A little light reading for lexophiles

I changed my iPod’s name to Titanic.  It’s syncing now.

England has no kidney bank, but it does have a Liverpool.

Haunted French pancakes give me the crepes.

This girl today said she recognized me from the Vegetarians Club, but I’d swear I’ve never met herbivore.

I know a guy who’s addicted to drinking brake fluid, but he says he can stop any time.

A thief who stole a calendar got twelve months.

When the smog lifts in Los Angeles U.C.L.A.

I got some batteries that were given out free of charge.

A dentist and a manicurist married.  They fought tooth and nail.

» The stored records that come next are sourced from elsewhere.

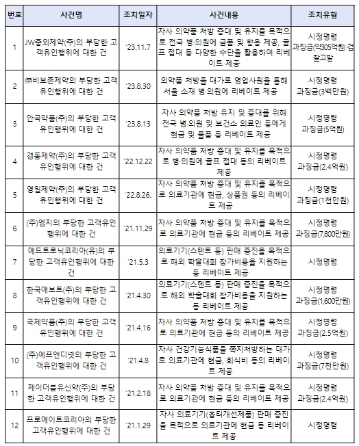 ![]() 최근 3년간 의료분야의 리베이트 사건 제재 내역 |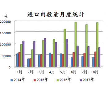 据最新海关数据统计,8月进口猪肉数量达83552吨,同比下降56.6%,环比下降4.65%;1-8月进口总数量达833510吨,较去年同期下降26.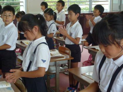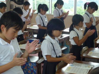 音楽室からきれいな歌声が聞こえてきました。3年生が合唱曲「きょうりゅうとチャチャチャ」を手拍子を交え、元気よく歌っていました。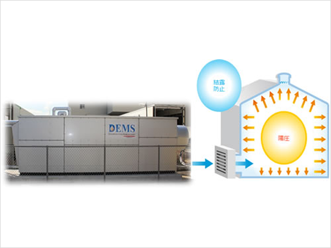 陽圧除湿空調システム(DEMS)は、冷却コイルによる結露式除湿と陽圧制御を組み合わせ、清潔で快適な空気環境を効率的に実現しております。冷却コイルで空気を露点以下まで冷却して水分を除去し、処理した空気を適切に供給することで室内を陽圧に保ち、外気の侵入を抑制します。この仕組みにより、ホコリや花粉、外気汚染物質の流入を防ぎながら湿度を安定してコントロールでき、カビや結露の発生を抑制し製品品質や作業環境の向上に寄与します。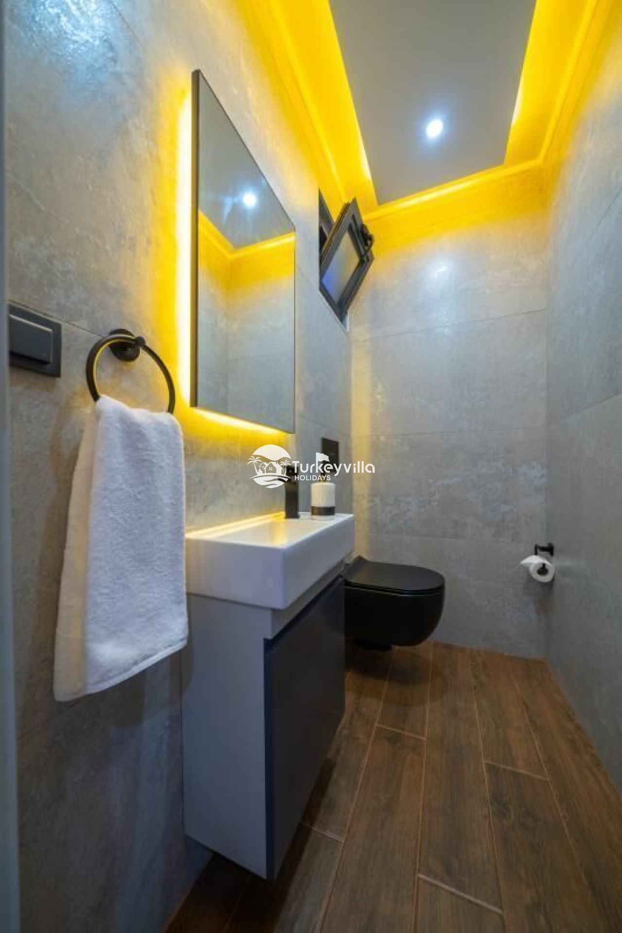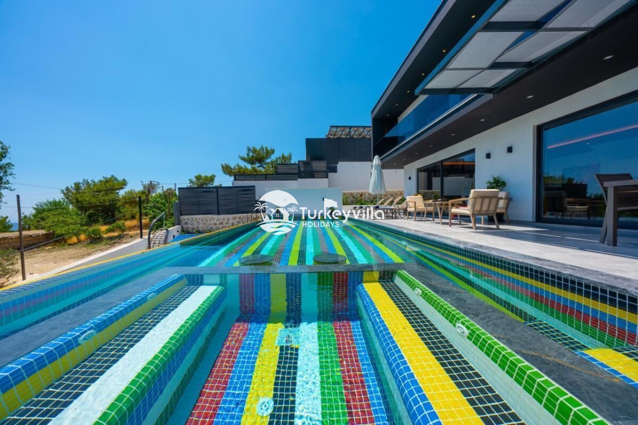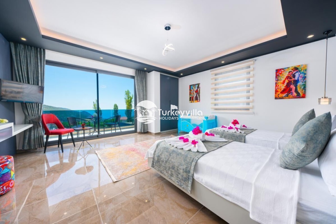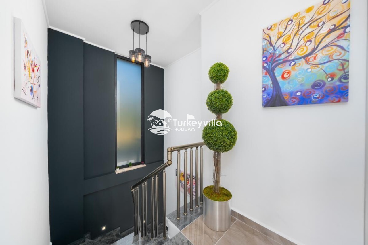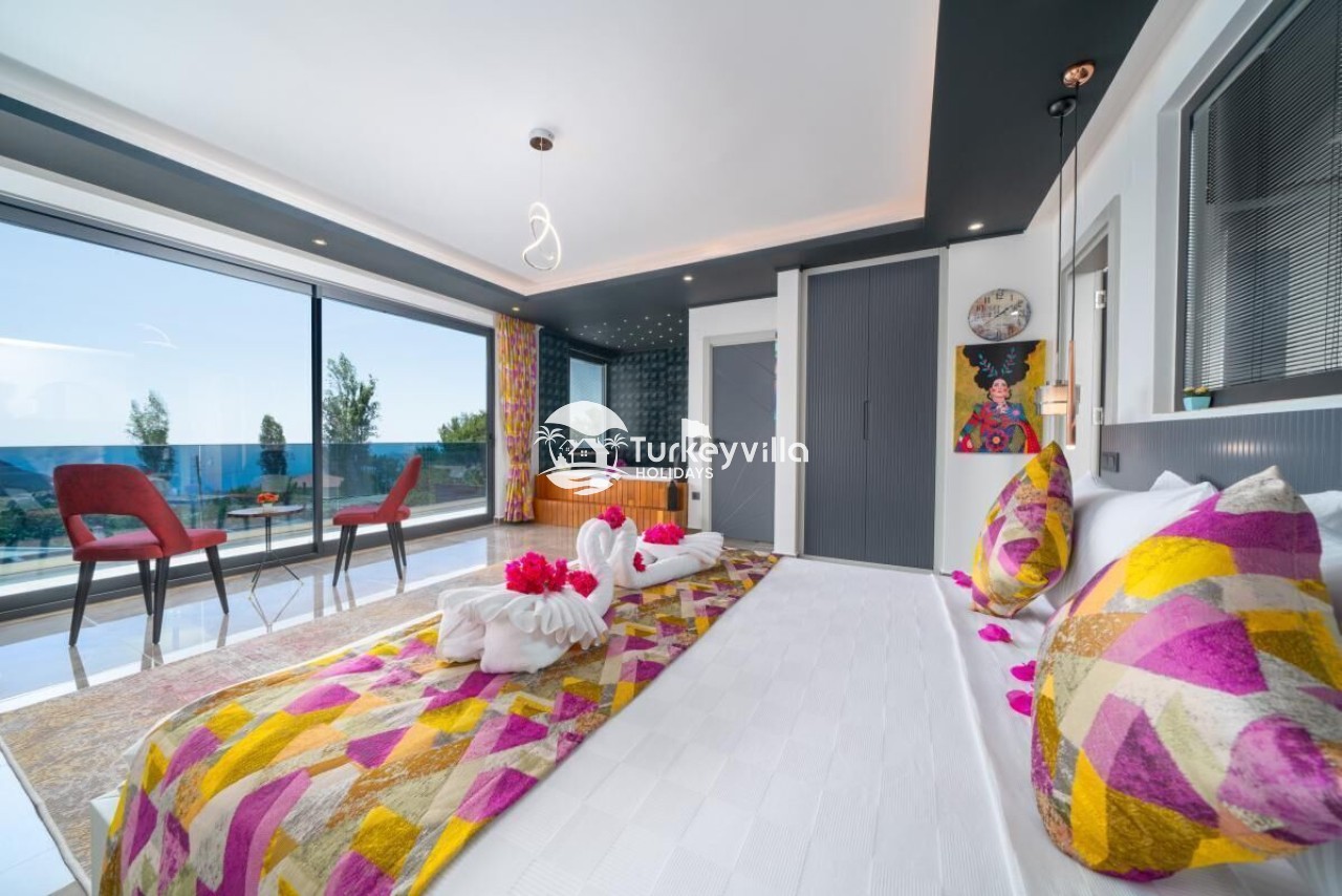 Die Villa Güney verfügt über einen voll ausgestatteten Kinoraum, Doppel- und Einzelsofas mit großen Sitzgelegenheiten und bequemen Schlafmöglichkeiten, einen LCD-Großbildfernseher,

A will is a dead giveaway.

With her marriage, she got a new name and a dress.

Police were summoned to a daycare centre where a three-year-old was resisting a rest.

Did you hear about the fellow whose entire left side was cut off?  He’s all right now.

A bicycle can’t stand alone; it’s just two tired.

The guy who fell onto an upholstery machine last week is now fully recovered.

He had a photographic memory but it was never fully developed.

When she saw her first strands of gray hair she thought she’d dye.

Acupuncture is a jab well done.  That’s the point of it.

I didn’t like my beard at first.  Then it grew on me.

Did you hear about the crossed-eyed teacher who lost her job because she couldn’t control her pupils?

When you get a bladder infection, urine trouble.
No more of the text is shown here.